In Turkey, capital companies are liable to pay corporate income tax (22 per cent). In addition, persons are liable to income tax (progressive rates 15, 22, 35, 40 per cent) on their income and profits for the year. Persons residing in Turkey or companies headquartered in Turkey are taxed on the income from abroad.

In addition, there will be value added tax (VAT-KDV), special consumption tax (SCT-ÖTV) and stamp tax, which vary according to the concrete case. When the profit distribution of the company partners is made, tax deductions are also made on this.

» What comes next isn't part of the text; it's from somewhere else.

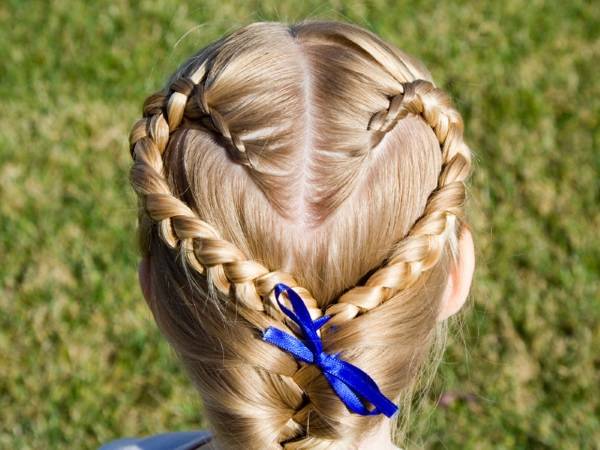 Для такой прически необходимо выделить прядь волос со лба вокруг головы, далее плетем плотную косичку на рогатке наряду с французской. Необходимо разделить хвост на 4 части. Переплетать следует третью прядь и вторую. Как сплести? Поначалу вам может показаться данный процесс достаточно сложным, но со временем вы набьете руку и за считаные минуты сможете выстроить прическу вашей дочке. Видеоурок можно найти бесплатно от Ольги в парикмахерской онлайн.

The work permit for foreign company partners has been updated in the new International Labour Law No. 6735. According to the new law; the obligation to obtain a work permit for non-resident board members of joint stock companies and other foreign partners of limited liability companies who are not company officials has been abolished.


After the 2022 Russia-Ukraine war started, many Russian citizens want to open a company in Turkey due to the sanctions against Russia. There is no restriction on Russians to open a company in Turkey even in the current war situation. So Russian citizens can establish a company in Turkey. All the procedures and rules we mentioned above are also valid for Russian citizens.

**The company that Russians will open in Turkey, even if it has Russian partners, will remain outside the sanctions imposed by the US and Europe, as it will be a Turkish company established under Turkish law.


There is a distinction between opening bank accounts for foreign natural persons and opening bank accounts for foreign companies.

Firstly, the relevant foreigner needs a notification address. Without this, it is difficult for a foreigner to open a bank account.

Next, the foreigner needs a potential tax number, which is issued to the foreigner as a result of an application to the tax office with his/her passport.

In addition to the residence address and the tax number, the passport is also an indispensable element. The foreigner who wants to open a bank account must have his/her passport with him/her during this process.

Some banks may also request a telephone number or an invoice in the name of the foreigner in Turkey. If a bank with such a request is to be applied to, such a number must be obtained.

When the foreigner opens a bank account in Turkey, he/she can access this account whenever he/she wants and obtains a more economical opportunity in terms of money transfer.


A bank account in the name of the company can be opened by an authorised person who can carry out legal transactions on behalf of the company, i.e. a director, partner, etc. who has signature authority.

As in the case of obtaining a personal bank account, a tax number must be obtained on behalf of the company before the application to be made for the company. However, the company that will receive a tax number is not required to be in commercial activity in Turkey. The company with any residence address will be able to request this tax number from the tax office. This tax number does not mean that the company will pay tax.

In order to open a bank account for foreign companies; company articles of association, chamber of commerce registration, establishment and activity documents, records in the trade registry are required. The person authorised to open a bank account on behalf of the company will go to whichever bank he/she wants to open an account with these documents, tax number and documents regarding residence.

Banks operating in Turkey show a more tolerant approach for foreign companies and provide convenience in opening a bank account, while they cause difficulties for companies that do not have an address such as a notification address, branch office or liaison office in Turkey.